Another Perspective on Bridgeport Village

Readers of this site will recognize that we have not been hesitant to criticize the new Bridgeport Village “Lifestyle Center” (the new term for shopping mall) in Durham. Its lack of multi-modal connectivity and the fact that it is not located where the 2040 plan calls for a center to occur (along with supporting transportation infrastructure) have been called out in past posts.

But recently, we heard criticism from a direction we had not anticipated – the freight community. Attending a meeting of the Portland Freight Committee we heard frustration on two fronts:

1) Bridgeport Village is creating congestion on I-5 that slows movement of other goods and services (a criticism also applied to the Woodburn factory outlet stores).

2) It is poorly designed for delivery of goods to the mall itself, increasing costs.

Let’s hope local decision makers around the region can learn from this cautionary tale.


4 responses to “Another Perspective on Bridgeport Village”

  1. Traffic was slow in that stretch of I-5 well before Bridgeport arrived. From the 217 merge all the way down to I-205, that freeway can crawl some afternoons. Bridgeport has little to do with any of it. As for the poor design of the mall itself, it’s not any easier or harder to get into or out of than any other outlet mall. The criticism is bogus.

    What isn’t bogus however is how out of place the mall is. Or rather, there were and are much better uses for the land than a shopping mall, but city “leaders” can’t see past the cute little California boutiques and notice what they’re missing. Back in the day the property was a rock quarry and offered decent paying jobs. It should be someone’s distribution center, what with the easy freeway access and and access to transit. Tualatin could have had a bunch of $15-$20/hour jobs with benefits, but instead gave it all up so a twenty-something can have a part-time job while waiting for something better paying.
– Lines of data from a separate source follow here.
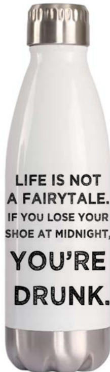
NEW WB107 LIFE IS NOT A FAIRYTALE IF YOU LOSE YOUR SHOE AT MIDNIGHT, YOU'RE DRUNK.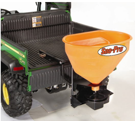
Fast Cast 300 Shown with Optional In-Bed Mount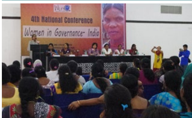
Disseminated reports in Delhi to relevant stakeholders working on issues of peace and security.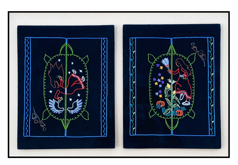
Sky Woman, Turtle Island, and the Three Sisters Embroidery © 2020 Loriene Pearson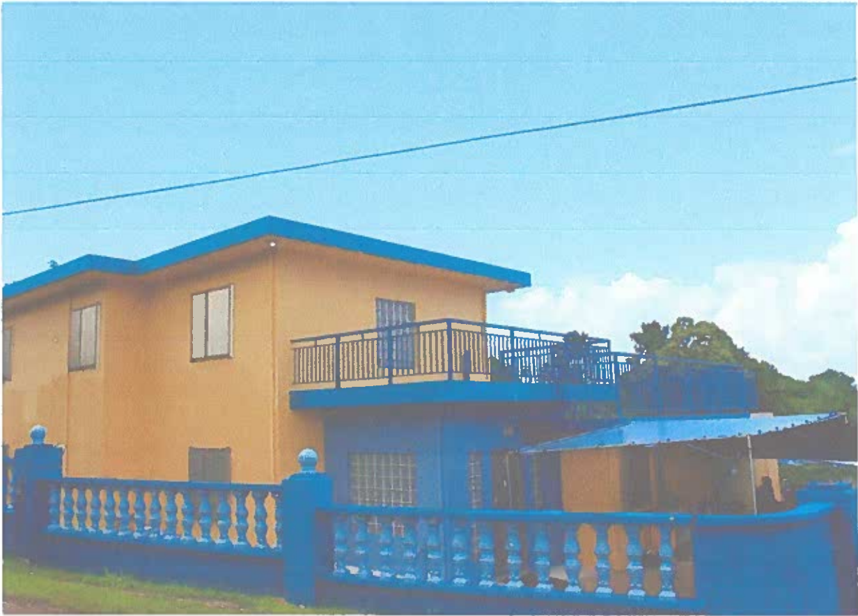
135 Manha Rd, Agana Heights, GU 96910

Single Family Property type 1998 Year built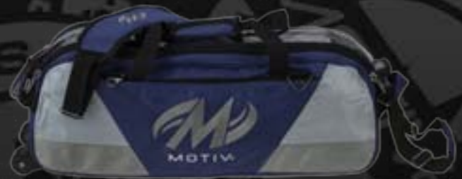
ITEM NUMBER: MTVG3BXNV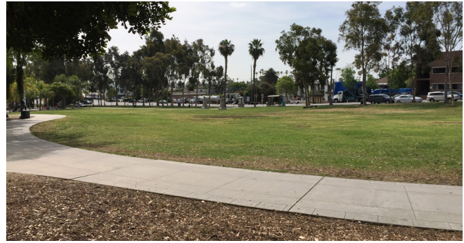
Access to park and recreation facilities should provide accessible pathways from the public sidewalk or from parking areas.

Accessibility also means the availability of active and passive recreation to all community residents. When special uses are designed into parks, such as dog off-leash areas or community gardens, these areas should also include amenities, such as pathways, benches, exercise stations, or picnic tables on the perimeter that could accommodate more than one type of user and enhance the recreational and leisure experience. Special uses, such as dog off-leash areas and community gardens, would be required to undergo a City approval process prior to facility design.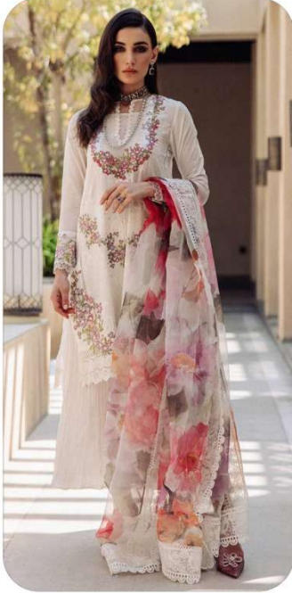
D.No | 202 A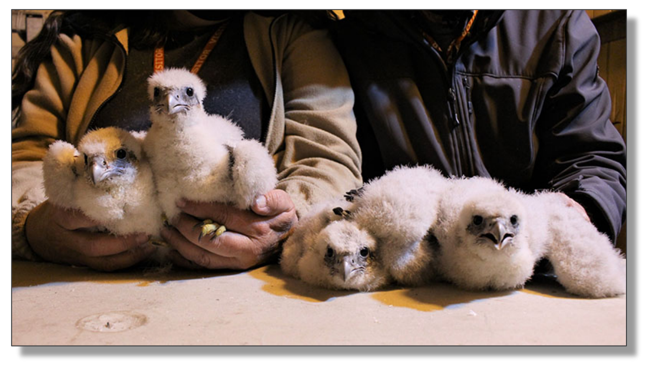
Video of the banding and story now featured on oppdthewire.com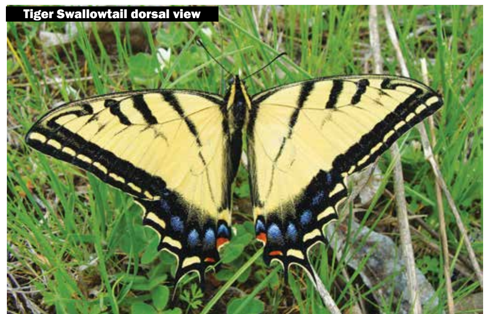
Tiger Swallowtail dorsal view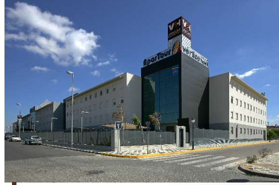
HOTEL VÉRTICE, BORMUJOS, (SEVILLE) MEP - HVAC, FIRE FIGHTING & EXT.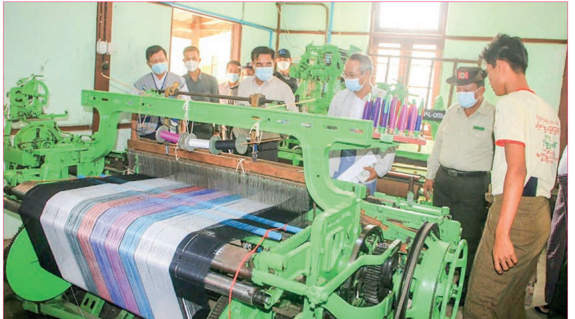
Bago Region Chief Minister U Myo Swe Win observes the training activities at the weaving and vocational school under the SME Development Department in Shwedaung Township on 26 March.

Finally, he arrived at the weaving and vocational school under the SME Development Department in Shwedaung Township and observed the training activities. He instructed the trainers to offer both the intensive and extensive courses to enhance the livelihoods of the local people. He also provided some contributions to the trainers.—MNA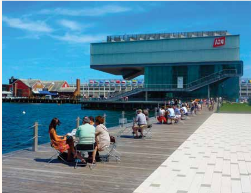
The walkway to the new Institute of Contemporary Art.

Kennedy's life, leadership and legacy in 21 exhibits, three theaters, 20 video presentations and more.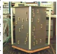
Receive Antenna Front View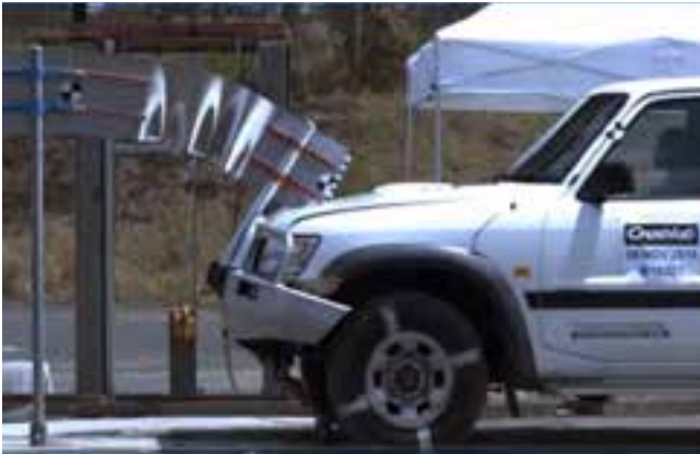
Figure 8. Test 5 - Shortened rails & HD anchored clamps

prevent longitudinal sliding. The cutting of the aluminum stiffener rails process was improved by lubricating the cutting blade with lanolin liquid lubricant.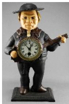
Lot # 421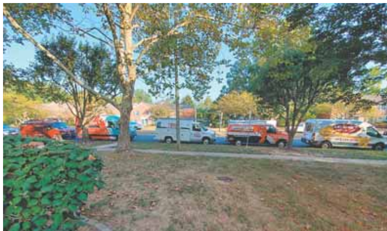
Vans and trucks with colorful paint jobs with ladders and phone numbers are an eyesore to some neighbors but not illegal.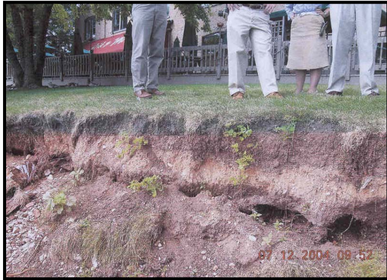
Eroded streambank on West side of River just south of Illinois Street

Once the area is stabilized, the second phase of this project is a walkway. This will allow for continuous pedestrian and bicycle access from Illinois Street to Prairie Street. This project will also assist in creating a continuous pedestrian and bicycle path from Main Street South to the Prairie Street once the proposed First Street Redevelopment project is completed.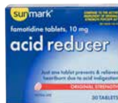
Famotidine (Acid Reducer) Item No. 1108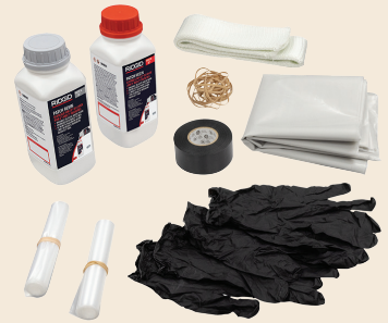
2" PIPE X 32" REPAIR Cat. #74693 VALUE $397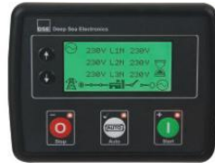
DSE4530 MKII AUTO START & AUTO MAINS FAILURE CONTROL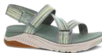
Sage Multi Webbing 4917-130300 (36-42)

Meanwhile the UGB has been expanded to Damascus, Boring, and Estacada with plans to make those locales light industrial zones. You thought it was tough getting freight through on I-5 at 5pm. Try driving it to Estacada.

  2. Chris, the comment about delivery to the mall was from an operator of a delivery company, and I think he may have been referring to the location/availability of loading docks, not necessarily about the street layout.

    As to that stretch of I-5, as an occassional user of that interchange, I think that it is definitely worse now at certain times.

  3. And the development at that interchange isn’t yet complete. There is an additional retail center in the works accross the street from Bridgeport Village, and according to today’s O, another being planned on the site of the Sweetbrier Inn to the south. This stretch of I-5 is the highest (or second-highest) volume section of road in the state. It’s going to take a major hit in the next few years in terms of increase in volume.

  4. I wasn’t surprised at the lack of people biking to the mall. After all, its surrounded by higher-speed roadways and bike riders who “put their bike on their car and drive 20 blocks to the greenway so they can ride a mile without cars”*. Also, I had thought that they widened I-5 just south of 217…until my Line 96 bus got stuck in traffic there. The good news is that the developers paid to expand Tualatin Park & Ride, and electrify the shelters.

    And “Chris” is correct that politicians ballyhoo about bringing in jobs, but then the jobs low-wage service ones. In fact, with bi-directional Line 96 service and SMART, the site would have been perfect for a dist. center.

    I think what really needs to happen is to add an extra lane for the ramp from I-205 southbound. Right now, all that traffic has to merge, causing a bottleneck. And possibly add or convert some lanes to freight/carpool only.